The defining parameters for being a woman are broader than those of being a man, because women will accept difference more readily than men. As evidence, women in male stereotype professions are still accepted as women, whereas men who take female stereotype roles are branded as sissies, pansies, poofs, faggots, traitors to their gender or worse, and are ostracised as a result. Yes women do have a tough time of it, partly because they have to deal with men who quite often can be bigger dicks than the bulge in their pants would suggest, partly because men have introduced all sorts of limitations for women (because they're competitive and need to be the best even if it means cheating), partly because they have a really confusing set of motivators to juggle in order to find their happy place. Overall though. I'd say they are better off because, generally speaking (yes another generalisation), they are better at looking out for each other than men, and no matter how complicated and tough life can be, it's always better and easier if you have someone nearby to cheer you on or offer a shoulder to cry on and a tub of chocolate ice-cream.

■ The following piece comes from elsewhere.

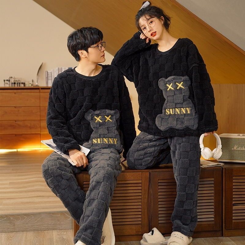 커플 잠옷 여성의 겨울 플란넬 두꺼운 둥근 목 귀여운 한국 산호 양털 따뜻한 남자 캐주얼 홈 옷

Personally I feel that an easier answer for most (though definitely not all) GID men would be to broaden the parameters of what it means to be a man. I'm too old and ugly to even consider crossing the gender divide, but I'd be a lot happier as a bloke if there were ways in which I could let the girl in me out from time to time without fear of some overinflated penis trying to score extra points with his mates by tearing my life apart.

Maeryn Lamonte, the girl inside

Maeryn Lamonte, the girl inside

another common usage

The other context where the phrase often comes up is as a crude reference to genital size. "I was talking to the other girls in the steno pool about Bob asking me out, but then Cyndi warned me that he's 'not much of a man,' so I called him and cancelled."